Airtable console page after clicking on "Create a base", showing the Start from Scratch option.

After creating your Airtable account, create a new base, select "Start from Scratch", and name it whatever you want. You can then call the first table Survey_0000 because that’s the format that your application expects: Survey_{ID}.

Airtable developer page, highlighting the newly created base

After that, you should head to the Airtable developers page, find your base, and open its API documentation. It will redirect you to a URL that follows this format:

https://airtable.com/appXXXXXXXXX/api/docs

Copy the code between the hostname and the /api path: appXXXXXXXXXX. This is your base ID.

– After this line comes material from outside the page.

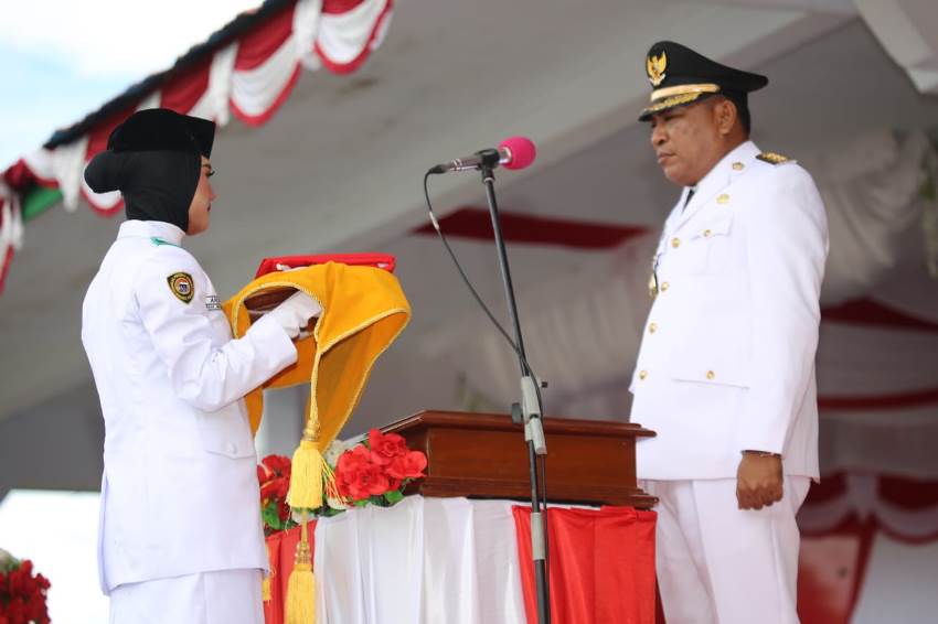 Tandaseru — Pemerintah Daerah Halmahera Selatan, Maluku Utara, menggelar upacara peringatan Kemerdekaan Republik Indonesia (RI) ke-77 tahun 2022, Rabu (17/8).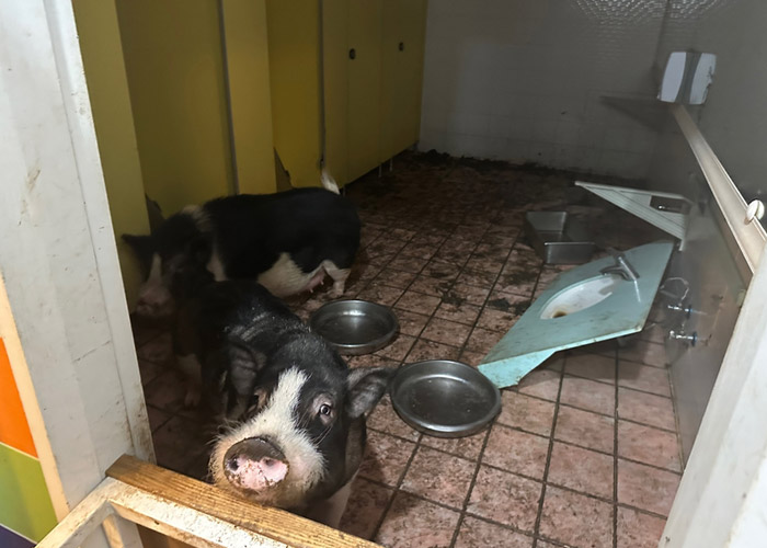 미니 돼지는 구조 당시 미끄러운 타일 바닥의 화장실에서 발견되었습니다. 걸음을 옮길 때마다 바닥에서 미끄러져 넘어지기 일쑤였고, 주변에는 오물과 배설물이 가 득 쌓여 있으며, 부서진 유리 조각까지 흩어져 있어 매우 위험한 상태였습니다. 또한 포만감을 채우기 위해 개 사료와 건빵을 먹으며 지내온 것으로 전해졌습니다.

Airtable API page to create a PAT key, with the correct scopes selected

After that, head over to the API access page and create a new personal access token. You can call it whatever you want, but you should grant it the following scopes:

- data.records:read

- data.records:write

- schema.bases:read

This will allow your application to read and write the Survey table and fetch metadata, which we’ll be using at the end of this guide.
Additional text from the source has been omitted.